Des montants faramineux. Ces vingt dernières années, 140 milliards d'euros auraient échappé au fisc d'une dizaine de pays européens, dont 33 milliards uniquement pour la France, selon Le Monde (article abonnés) du jeudi 21 octobre. En cause : un mécanisme d'optimisation fiscale permettant à des investisseurs étrangers d'échapper à la taxe sur les dividendes. 

Cette méthode d'évasion fiscale avait déjà été mise en lumière en 2018 par 19 médias européens regroupés dans un collectif d'investigation baptisé "CumEx Files" (en anglais). Ce collectif avait révélé que plusieurs Etats de l'Union européenne, dont la France, l'Allemagne et le Danemark, avaient perdu quelque 55 milliards d'euros à cause d'un vaste montage financier impliquant des traders, des banques et des avocats.

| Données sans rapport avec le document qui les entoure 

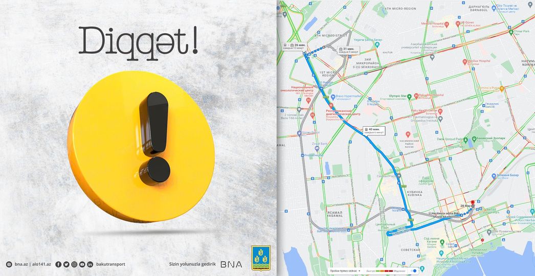 Bakı şəhərində müntəzəm marşrut xətləri barədə məlumatları Google Maps” platformasından əldə etmək mümkündür.
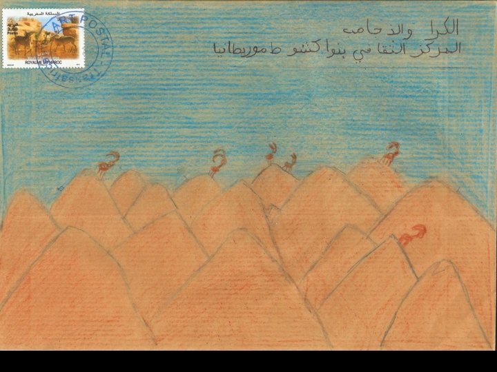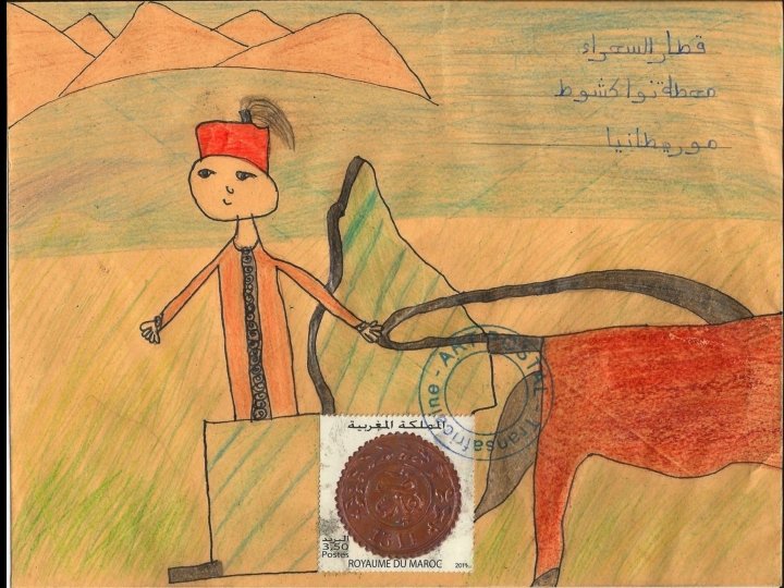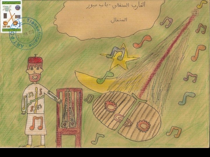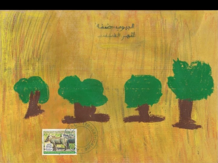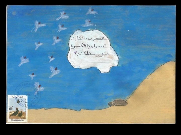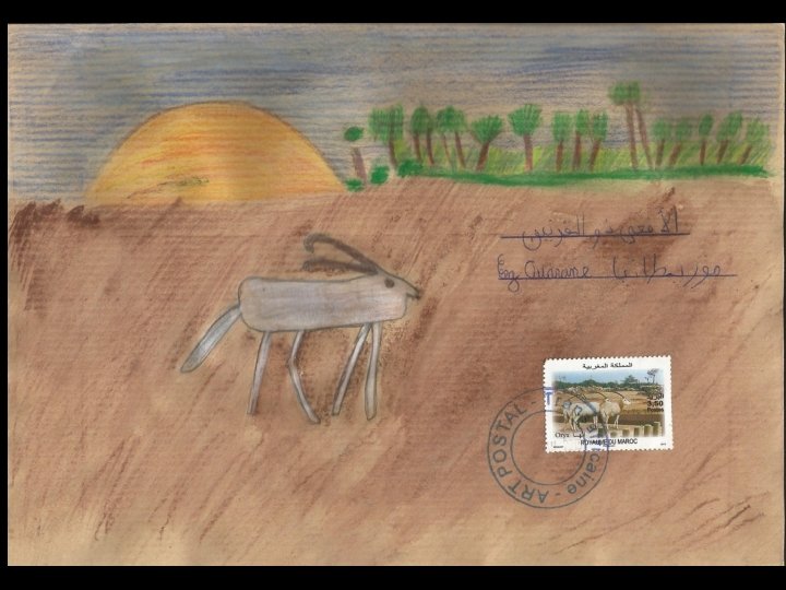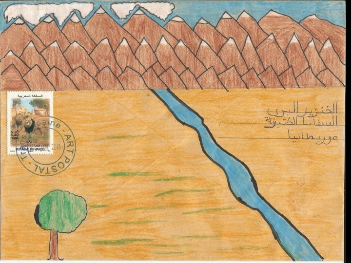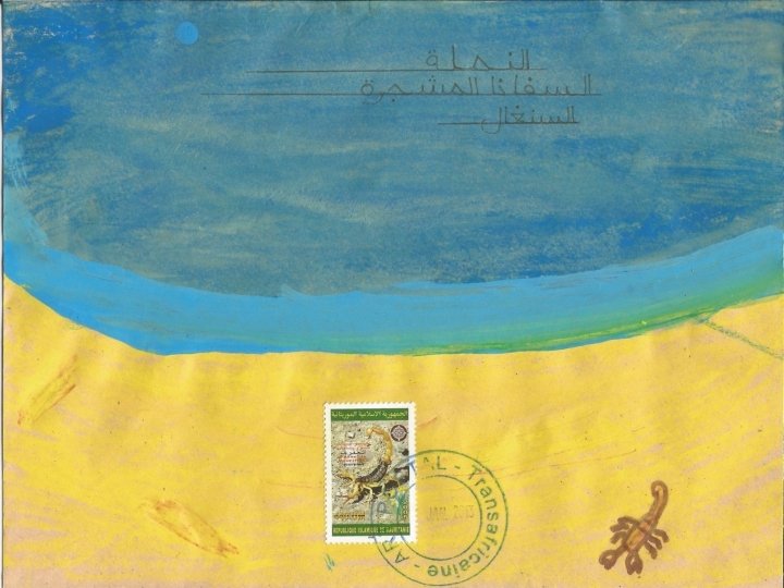 Ces productions ont été réalisées à partir d’une idée originale de Stéphanie Schneider publiée dans Ateliers d’expressions (édition Accès). Remerciements à Marie-Jeanne Hautbois, Jocelyn Djigui, Nadine Chantry et Laurent Neuhard pour l’acquisition et l’envoi des timbres mauritaniens, sénégalais, burundais et malgaches. Atelier d’écriture réalisé conjointement en français et en arabe en janvier 2013. Habiba Alarfaoui & Stéphane Bouron
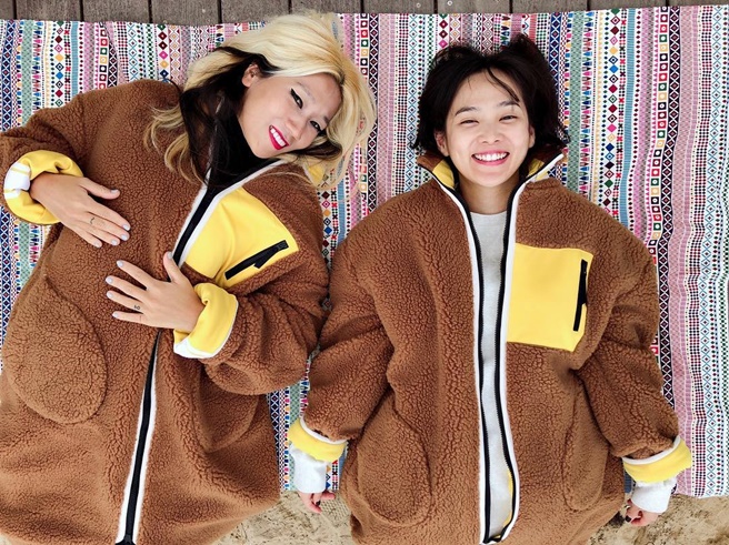 윤승아의 귀여운 퍼 코트에 주목! 테디 베어 코트라고 늘 같은 디자인일 필요는 없으니까. 시어링 퍼 소재를 옐로 포켓과 안감, 지퍼를 활용해 스포티하게 재해석한 SJYP의 아우터를 선택한 그녀. 독특한 디자인 탓에 별다른 액세서리가 필요 없다.
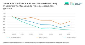 Der SPINX misst die Preisentwicklung für Solaranlagen ohne Batteriespeicher auf Basis von über einer Million monatlicher Angebotsdaten regionaler und überregionaler Solarunternehmen (Referenzwert: Q4 2023 = 100). Die Quartalsauswertung bezieht sich jeweils auf den letzten Monat des Quartals. Berücksichtigt werden Anlagen mit 12 bis 25 Modulen – der typische Größenbereich für Einfamilienhäuser.
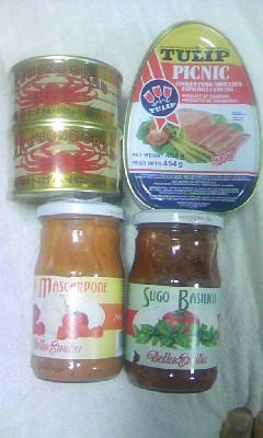 パスタソース(チーズとバジル)・缶詰ショルダーハム・ずわいがに缶です。
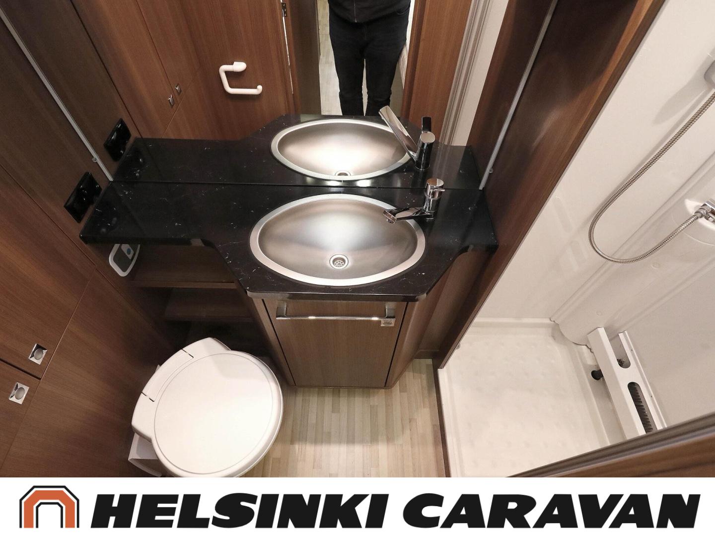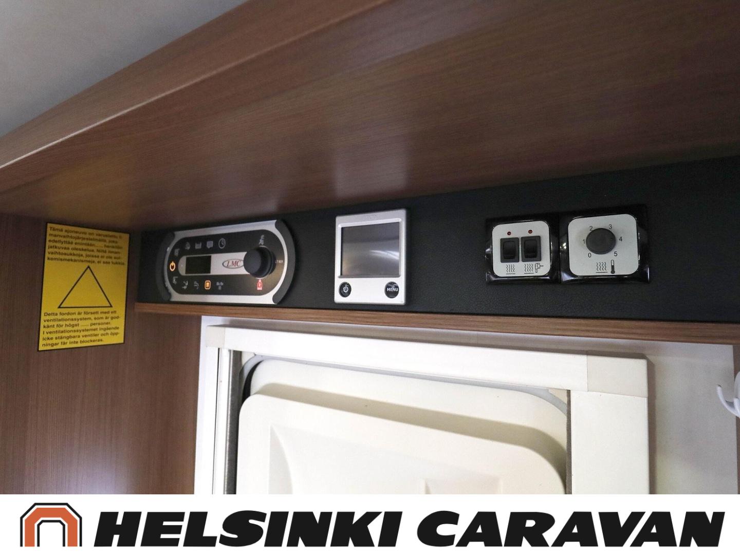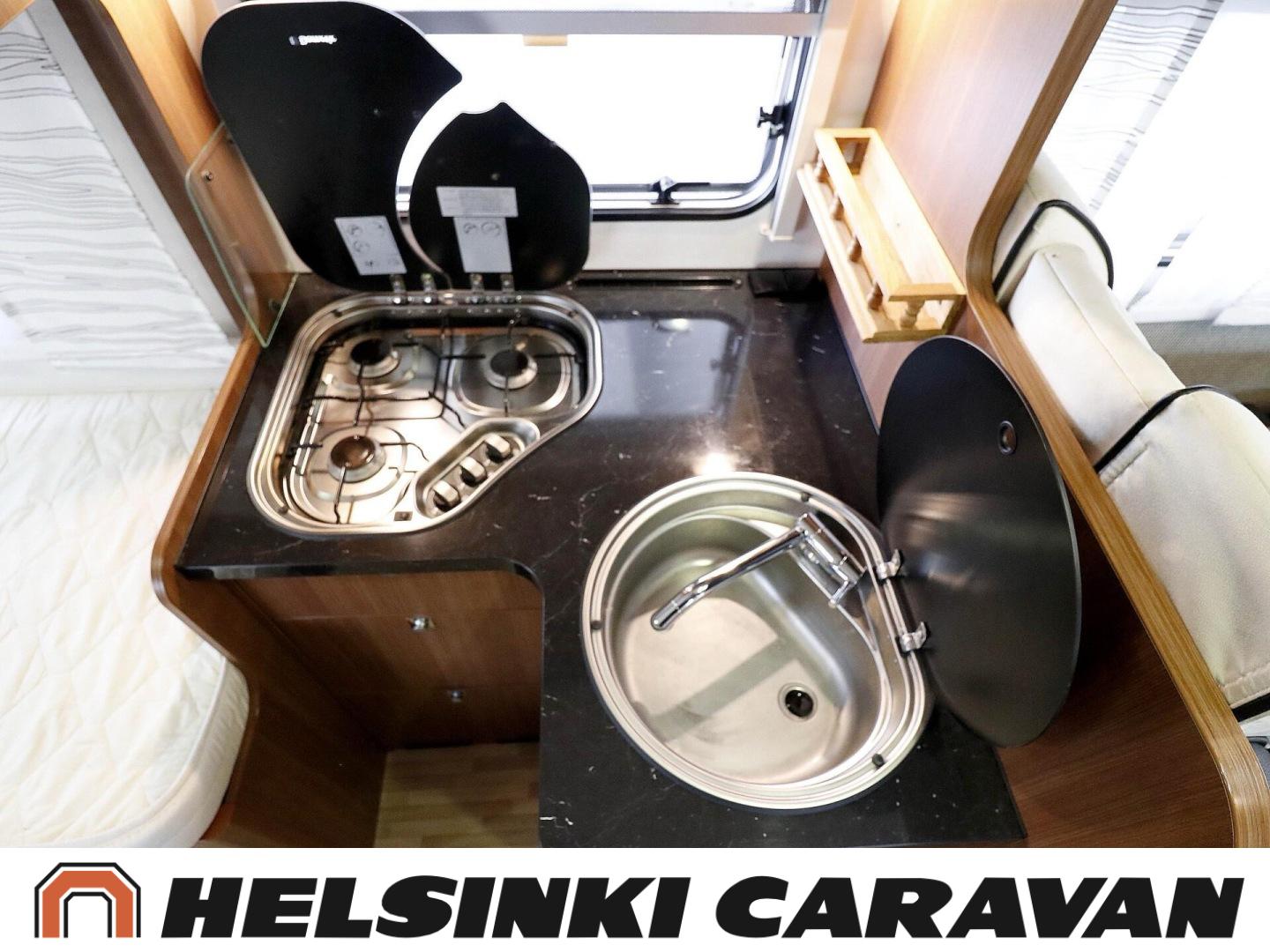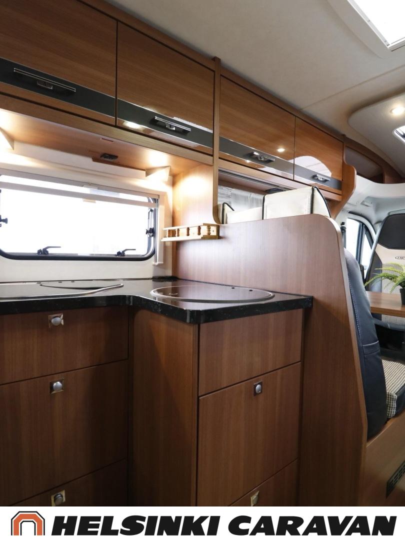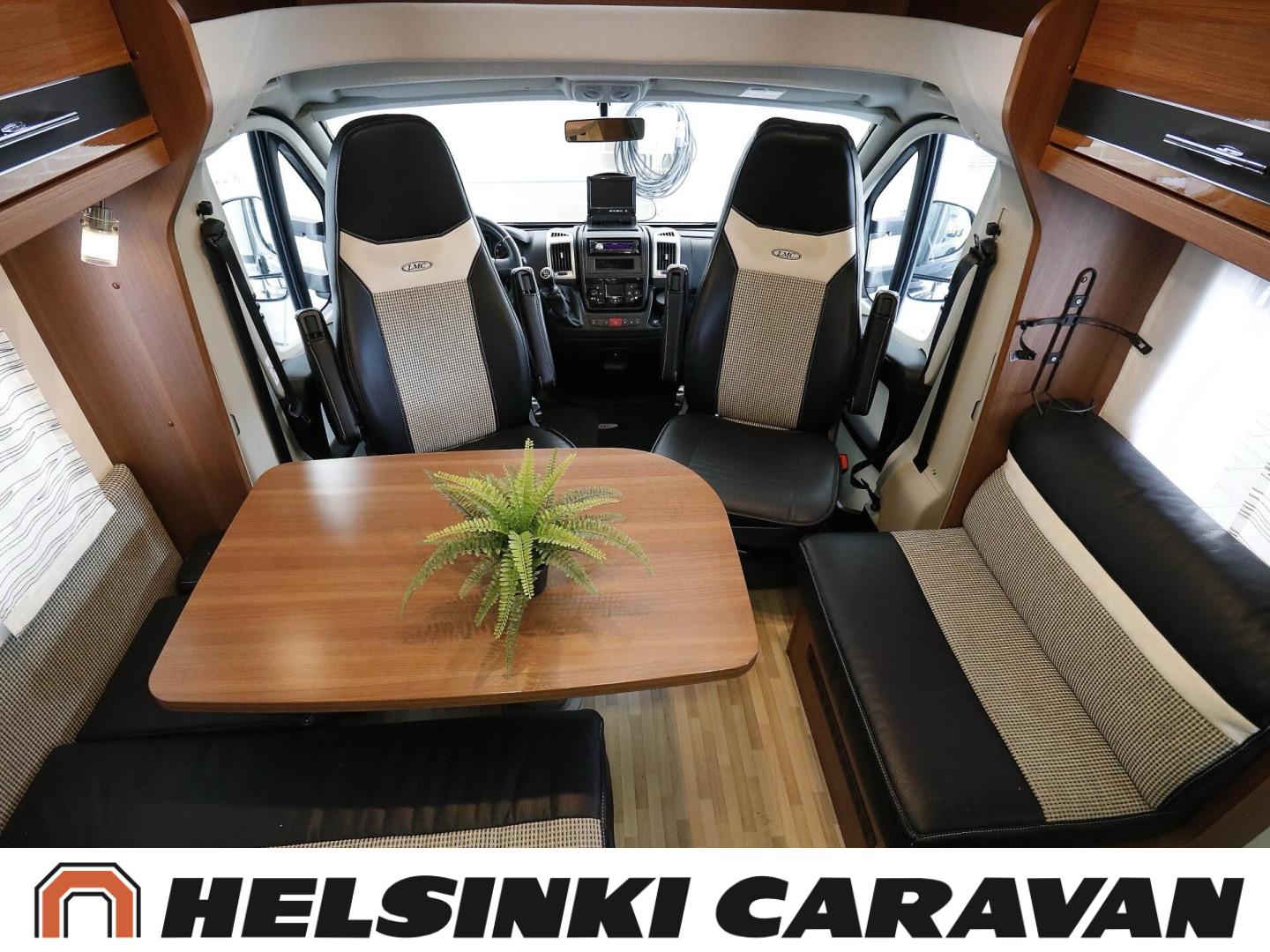Truma, ABS-jarrut, Airbag, Jääkaappi, Kasetti WC, Kasettiverhot, Kattoluukku, Liesi, Lämminvesiboileri, Markiisi, Ohjaustehostin, Pakastelokero, Pesuallas, Pysäköintikamera, Pyöräteline, Radio, Suihku, Sähkökäyttöiset ikkunat, Sähköpeilit, Sähkörappu, Turbo, Vakionopeudensäädin, Ilmastointi (ohjaamo), laskuvuode, jenkkijääkaappi, televisioteline, Asuinosan hyttysovi/verho, Sähköpatruuna

Que faut-il retenir des dernières révélations publiées, où sont revues à la hausse les sommes soustraites aux caisses des Etats ?

Une fraude aux dividendes toujours en vigueur

Premier enseignement : malgré le scandale suscité par les révélations de 2018, des montages financiers sont toujours utilisés par "l'immense majorité des investisseurs étrangers dans les sociétés cotées françaises" pour "optimiser leurs dividendes", selon Le Monde. Le Parlement "avait pourtant voté une réforme censée mettre fin à ces pratiques à la frontière de la légalité", rappelle le journal, mais la majorité macroniste avait ensuite "affaibli le dispositif, en n'interdisant que les montages les plus simples". Il reste donc facile de le contourner.

En quoi consiste ce dispositif ? Comme l'avait expliqué franceinfo en 2018, la pratique du "CumCum" est une opération d'optimisation fiscale qui joue sur la différence de fiscalité entre investisseurs nationaux et étrangers. Les investisseurs étrangers sont taxés sur les dividendes qu'ils touchent sur les actions de groupes français cotés en Bourse. Pour alléger la facture ou pour échapper à l'impôt, ils revendent brièvement leurs titres à des banques françaises à l'approche du jour de versement des dividendes. Cela leur permet d'échapper à la ponction liée au versement de ces bénéfices.

Personne n'est donc taxé et les investisseurs récupèrent quelques jours plus tard leurs actions ainsi que les dividendes associés. Au passage, les banques se servent en prenant une commission. L'administration fiscale n'y voit que du feu et, en bout de chaîne, ce sont le fisc et les contribuables qui sont les grands perdants. 

Une perte de 140 milliards d'euros pour les Etats européens

Résultat : des sommes énormes ne sont pas versées aux impôts. Selon Le Monde, plus de 140 milliards d'euros ne seraient pas rentrés dans les caisses d'une dizaine d'Etats européens ces deux dernières décennies. La France est le pays le plus touché par cette évasion fiscale avec 33,3 milliards, affirme le quotidien. Une somme équivalente à celle débloquée par l'exécutif dans le cadre du plan de relance 2030. 

Parmi les pays champions de ce type d'optimisation fiscale viennent ensuite l'Allemagne, avec 28,5 milliards non versés au fisc, les Pays-Bas (27 milliards) et l'Espagne (18,8 milliards), selon Le Monde, qui s'appuie sur des données recueillies par Christoph Spengel, professeur de fiscalité internationale à l'université allemande de Mannheim. 

Quatre grandes banques françaises mises en cause

Soupçonnées d'aider leurs clients à se soustraire à la taxe sur les dividendes, quatre grandes banques françaises sont dans le viseur de l'administration fiscale : BNP Paribas, la Société générale, Natixis et le Crédit agricole, par l'entremise de sa filiale Cacib. Les banques "n'ont pas souhaité s'étendre sur le sujet", assure Le Monde, mais elles considèrent qu'elles respectent les règles d'optimisation fiscale en vigueur.

La revente et le rachat d'actions, même pour une durée brève, est en effet légale. En revanche, l'industrialisation de cette pratique pour échapper au fisc peut être sanctionnée. L'issue du bras de fer entre les banques et Bercy est donc incertaine. En 2018, BNP Paribas, Crédit agricole et Société générale figuraient déjà parmi les banques françaises épinglées par le collectif d'investigation "CumEx Files" pour ce type de pratiques.